Although Hulden highlights examples of AFL-generated racism, she has, surprisingly, left out the more significant activities of the open-shop bosses who deliberately promoted — and ultimately profited from — the development of racially divided working classes in both northern and southern regions. On balance, managers at all levels enjoyed substantially more influence than wage earners in establishing racial hierarchies on the job. Northern bosses and their representatives, for instance, built and administered networks that connected their struck workplaces to the employment-seeking crews hired by southern-based recruiters. The process of recruiting, transporting, and sometimes housing black job-hunters frequently involved collaboration between employment agents and black elites.
Even more remarkably, southern employers and their allies constructed the country’s densest concentration of open-shop workplaces partially by practicing racially based policies. A glance at the period’s business magazines, including the Foundry, Manufacturers’ Record, and the Tradesman, reveals dozens of articles about the managerial usefulness and economic profitability of pitting white workers against black workers to defeat strikes, maintain union-free worksites, and drive down wages. Hulden mentions that John Edgerton, the NAM’s Tennessee-based president, boasted at the organization’s 1922 conference that there were few unions in southern regions. But she doesn’t explore the deeper question: Why was he able to brag in the first place? Because of the decades-long activities of businessmen, policymakers, landowners, and vigilantes in constructing an overtly racist political economy that has traditionally served as an attractive haven for northern investors who wanted to escape, rather than simply fight, labor unions. We continue to live with this legacy.
And we must not overlook the white supremacists involved in anti-labor activities. Consider some examples. In 1879, before he participated in Law and Order Leagues and Citizens’ Alliances, Goodwin called for the reintroduction of the whipping post in Missouri for African American law-breakers; in 1906, former Ku Klux Klan leader, Birmingham Citizens’ Alliance secretary, and Tradesman editor N. F. Thompson proposed forcing “idle” black workers to labor in Panama; that same year, famed writer and Citizens’ Alliance propagandist Owen Wister compared African Americans to apes in his best-selling book Lady Baltimore; in 1907, C. W. Post, breakfast cereal manufacturer and Citizens’ Industrial Association of America head, established a black-free and anti-union “utopian” town, Post City, in the western part of Texas; and in 1910, Tampa’s Citizens’ Committee leader, D. B. McKay, won his mayoral contest partially by appealing to “white rights.”

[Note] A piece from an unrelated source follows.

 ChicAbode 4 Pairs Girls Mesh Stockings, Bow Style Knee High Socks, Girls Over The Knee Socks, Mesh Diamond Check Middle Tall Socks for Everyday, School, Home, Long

Those in the open-shop movement’s vanguard, enjoying extensive authority over their own communities and beyond, employed racist practices both in and outside of workplaces. Above all, elites worked together to block the development of multiracial movements from below.
Good Cop/Bad Cop Bosses
Hulden informs us that organized employers were usually farsighted, recognizing that the flowery language they used about the open-shop principle’s fairness and the naked brutality they unleashed against union activists failed to solve all their public relations and labor problems. Consequently, many of those active in groups like NAM devised personnel management programs designed to secure workers’ loyalty by demonstrating they had no need for unions.
Especially after World War I, employers constructed sports fields and gymnasiums for employees, introduced profit-sharing plans, and even formed on-site medical services. Hulden aptly calls this “a softer touch,” writing that “the NAM’s new emphasis on foreman training and the ‘human factor in industry’ fit into a broader effort across industry to modernize personnel management.” Numerous companies also created “company unions” or employee representation plans, which were intended to give workers the illusion of workplace democracy. Unlike traditional, worker-run unions, company unions offered workers no contractually guaranteed benefits or rights.
While these top-down, “good cop” schemes were meant to dissuade workers from forming their own organizations, Hulden demonstrates that bosses were ultimately unable to solve the enduring “labor problem.” Those who labored at these supposedly benevolent worksites typically wanted a real say in the workplace matters and felt entitled to reasonable benefits.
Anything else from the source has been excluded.